[[ DATA BELOW open ]]

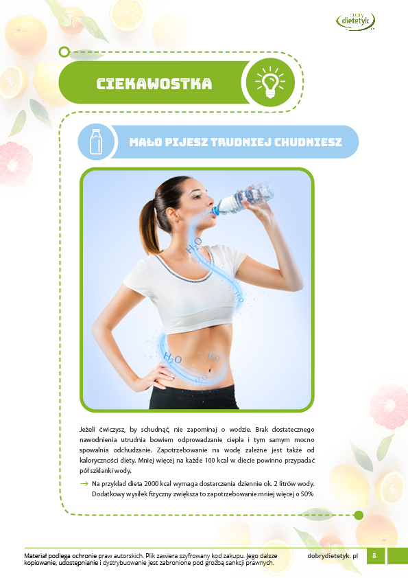 Dodatkowo do opracowanego planu dietetycznego otrzymasz atrakcyjnie przygotowane ciekawostki i wiadomości żywieniowe, które mam nadzieję pozwolą Ci zrozumieć wiele spraw związanych z nurtującym Cię problemem, a także przyczynią się do zwiększenia ogólnej wiedzy żywieniowej.
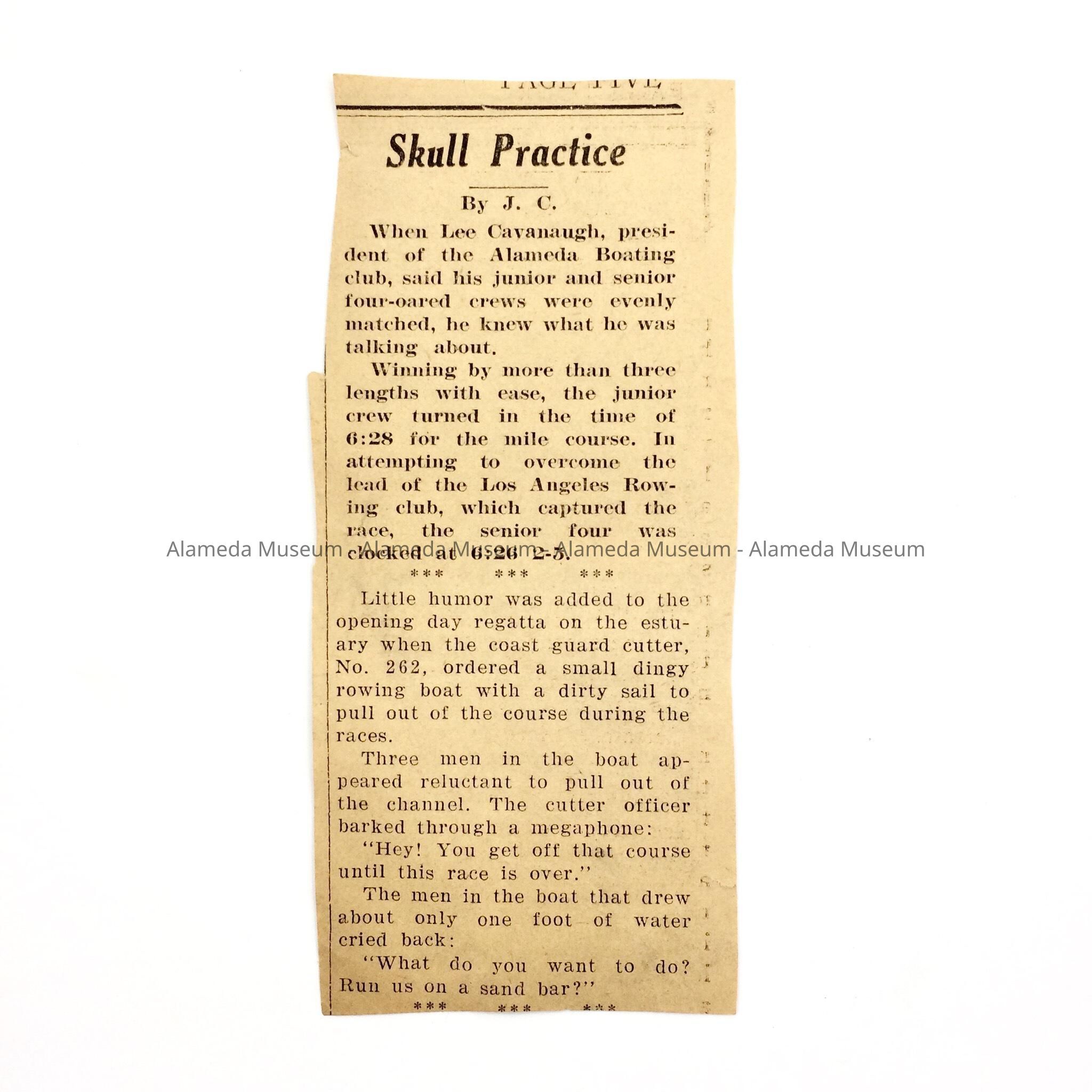 Newspaper Clipping 'Skull Practice', about Lee Cavanaugh, 1930sEntry/Object ID
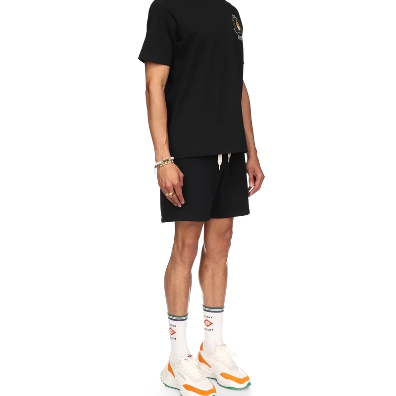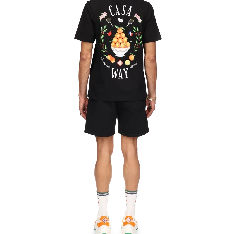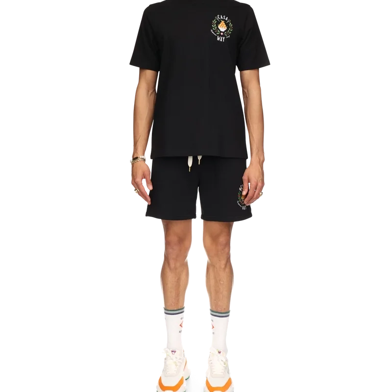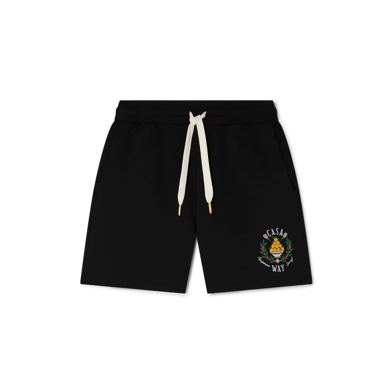 Casa Way-sweatshortsen är tillverkade i ekologisk bomull och pryds av husets signaturmotiv med broderade illustrationer av sportutrustning och blommiga detaljer som tolkats på nytt för säsongen. De kompletteras med dragsko med gulddetaljer, snedställda sidfickor och en bakficka.
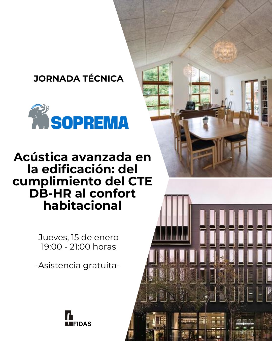 La Fundación FIDAS y la empresa Soprema Iberia organizan el próximo jueves 15 de enero, de 19:00 a 21:00 horas, la jornada técnica presencial "Acústica avanzada en la edificación: del cumplimiento del CTE DB-HR al confort habitacional", que se celebrará en el salón de actos de FIDAS (Avda. de Marie Curie, 3. Isla de la Cartuja. Sevilla).

[[ DATA BELOW closed ]]

WORK REQUEST: From the first line above to the line containing "Casa Way-sweatshortsen är", repeat each line exactly. Pictures stay out.

PROBLEM SOLUTION:
 Dodatkowo do opracowanego planu dietetycznego otrzymasz atrakcyjnie przygotowane ciekawostki i wiadomości żywieniowe, które mam nadzieję pozwolą Ci zrozumieć wiele spraw związanych z nurtującym Cię problemem, a także przyczynią się do zwiększenia ogólnej wiedzy żywieniowej.
 Newspaper Clipping 'Skull Practice', about Lee Cavanaugh, 1930sEntry/Object ID
 Casa Way-sweatshortsen är tillverkade i ekologisk bomull och pryds av husets signaturmotiv med broderade illustrationer av sportutrustning och blommiga detaljer som tolkats på nytt för säsongen. De kompletteras med dragsko med gulddetaljer, snedställda sidfickor och en bakficka.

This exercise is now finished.